Your instructions:
Where the records below reach the line containing "2024 다기능 전면", start transcribing, and end with the line containing "земле лежала роза.", exactly and with nothing else added.

Data for processing:
<<<<
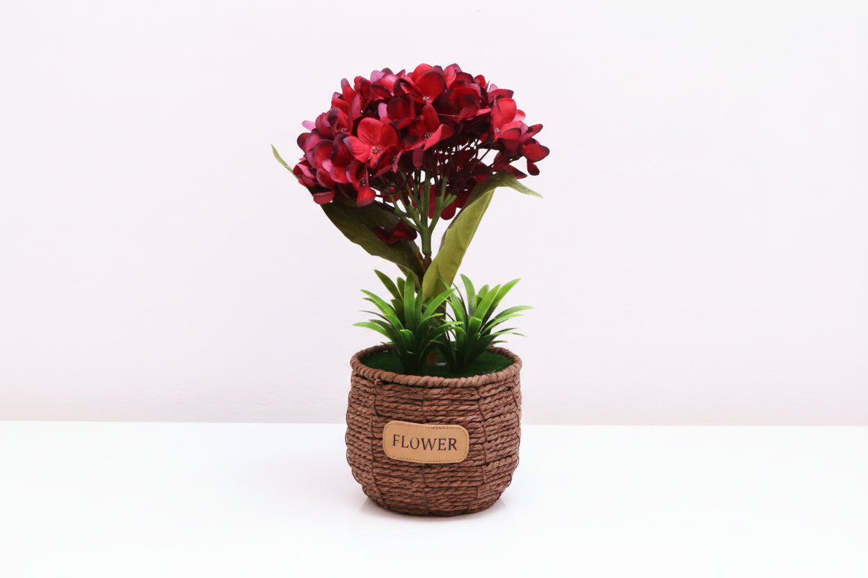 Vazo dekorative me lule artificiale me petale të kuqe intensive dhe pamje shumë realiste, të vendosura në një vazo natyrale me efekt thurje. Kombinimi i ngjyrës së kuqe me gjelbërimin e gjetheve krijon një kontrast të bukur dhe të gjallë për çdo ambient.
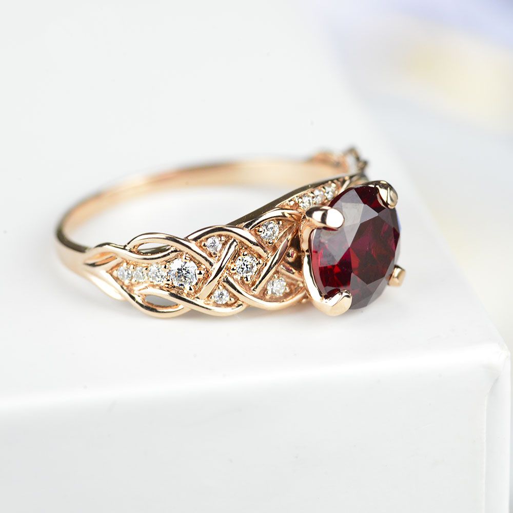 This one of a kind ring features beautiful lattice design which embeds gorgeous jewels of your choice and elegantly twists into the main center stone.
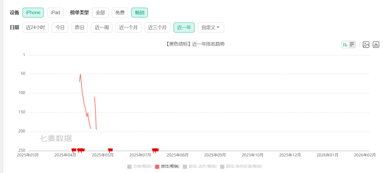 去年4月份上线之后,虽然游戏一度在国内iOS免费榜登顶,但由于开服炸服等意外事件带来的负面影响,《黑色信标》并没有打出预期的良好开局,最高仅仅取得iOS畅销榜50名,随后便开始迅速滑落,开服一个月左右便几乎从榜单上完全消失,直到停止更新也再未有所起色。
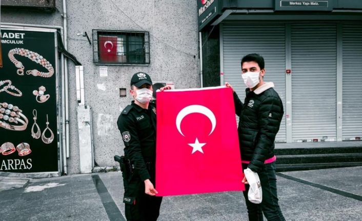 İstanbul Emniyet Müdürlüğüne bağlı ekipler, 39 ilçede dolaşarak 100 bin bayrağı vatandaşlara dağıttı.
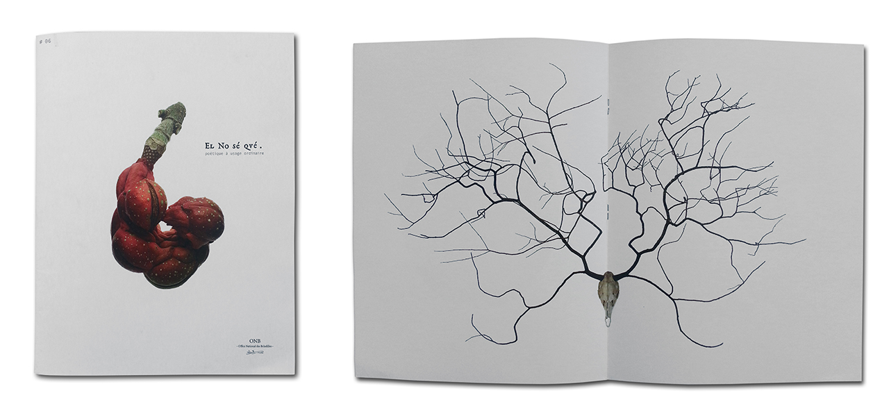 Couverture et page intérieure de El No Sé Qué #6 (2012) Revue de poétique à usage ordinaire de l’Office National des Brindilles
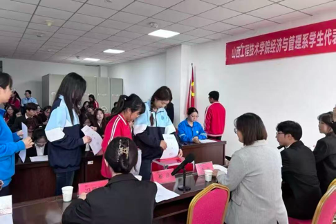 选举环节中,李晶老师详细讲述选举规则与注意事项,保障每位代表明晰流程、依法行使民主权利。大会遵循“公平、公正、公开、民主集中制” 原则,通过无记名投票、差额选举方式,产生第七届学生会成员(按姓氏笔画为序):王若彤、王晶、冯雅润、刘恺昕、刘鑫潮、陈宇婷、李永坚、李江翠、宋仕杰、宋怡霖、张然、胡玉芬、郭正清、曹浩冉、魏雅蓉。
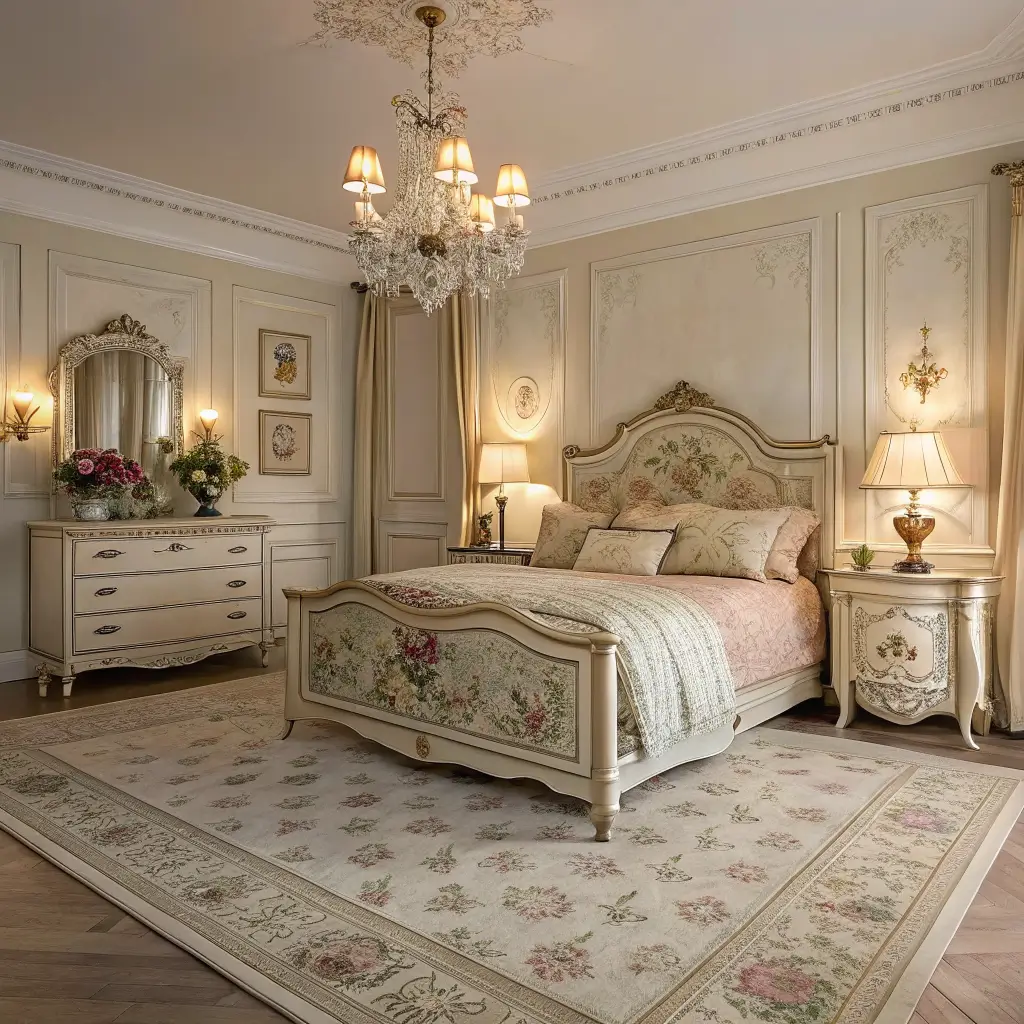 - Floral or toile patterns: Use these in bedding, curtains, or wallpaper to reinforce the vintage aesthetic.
>>>>
<<<<
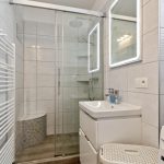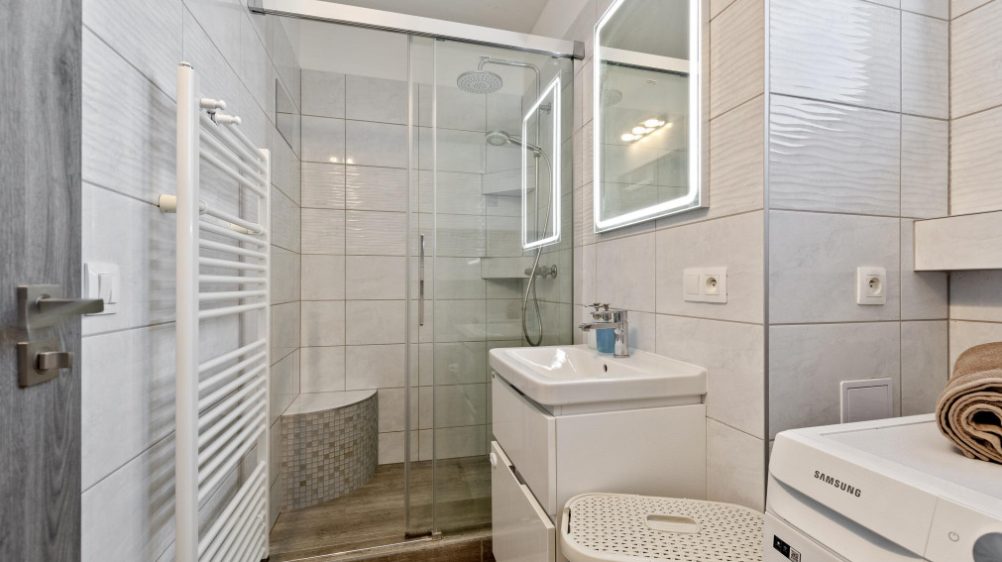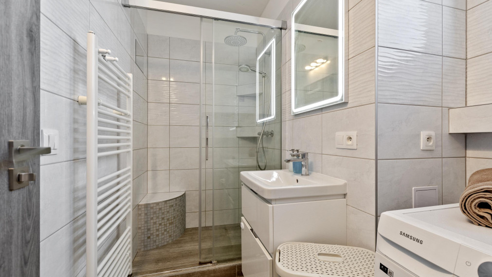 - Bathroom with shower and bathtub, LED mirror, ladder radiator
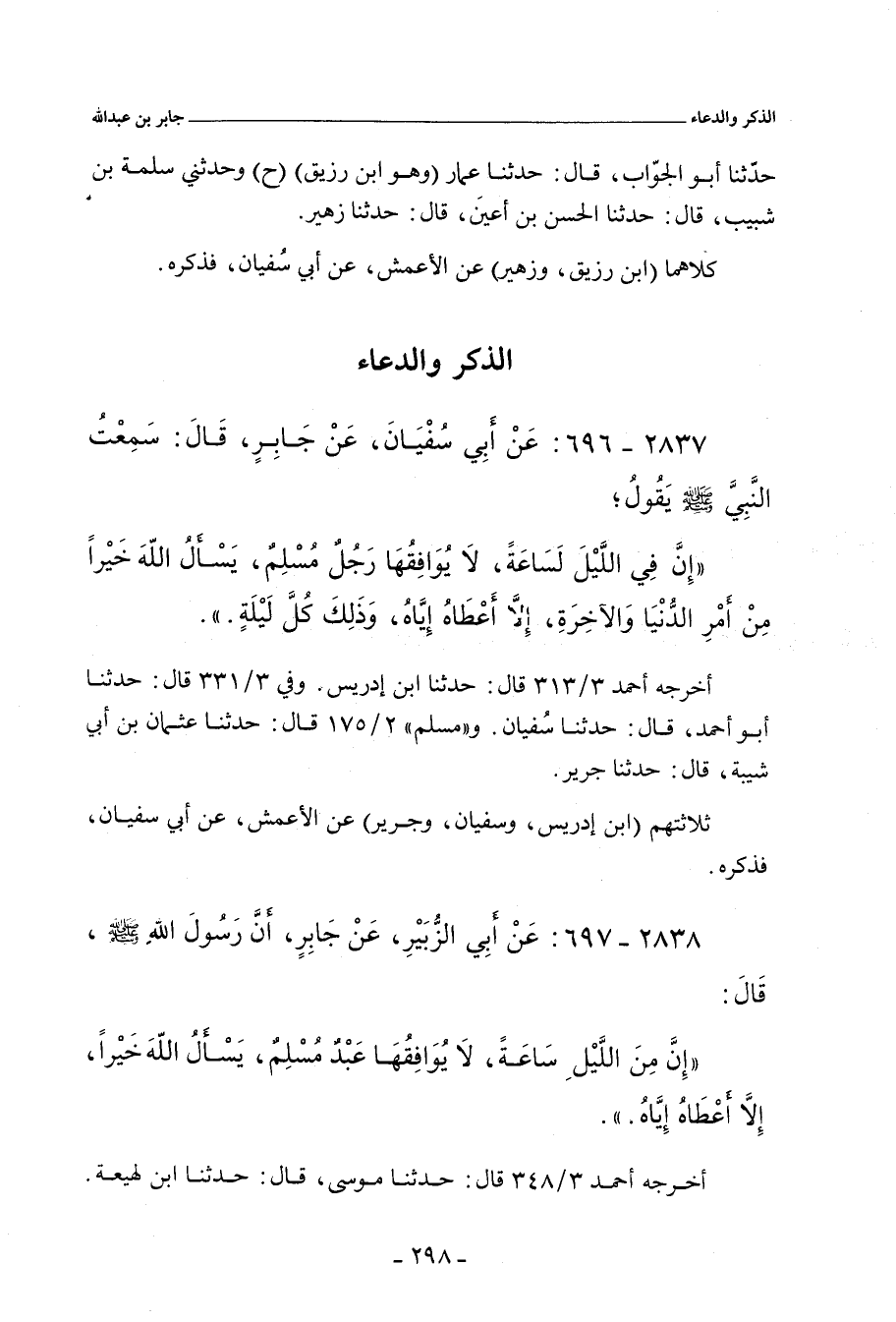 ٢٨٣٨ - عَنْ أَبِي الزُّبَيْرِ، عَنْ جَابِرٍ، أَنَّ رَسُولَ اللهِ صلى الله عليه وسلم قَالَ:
>>>>
<<<<
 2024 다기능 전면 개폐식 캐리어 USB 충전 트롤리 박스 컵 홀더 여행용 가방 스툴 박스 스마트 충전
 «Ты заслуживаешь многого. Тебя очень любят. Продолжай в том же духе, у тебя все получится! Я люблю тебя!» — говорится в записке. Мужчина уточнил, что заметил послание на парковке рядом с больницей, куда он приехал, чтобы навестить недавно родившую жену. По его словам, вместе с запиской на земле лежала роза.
>>>>
Task response:
 2024 다기능 전면 개폐식 캐리어 USB 충전 트롤리 박스 컵 홀더 여행용 가방 스툴 박스 스마트 충전
 «Ты заслуживаешь многого. Тебя очень любят. Продолжай в том же духе, у тебя все получится! Я люблю тебя!» — говорится в записке. Мужчина уточнил, что заметил послание на парковке рядом с больницей, куда он приехал, чтобы навестить недавно родившую жену. По его словам, вместе с запиской на земле лежала роза.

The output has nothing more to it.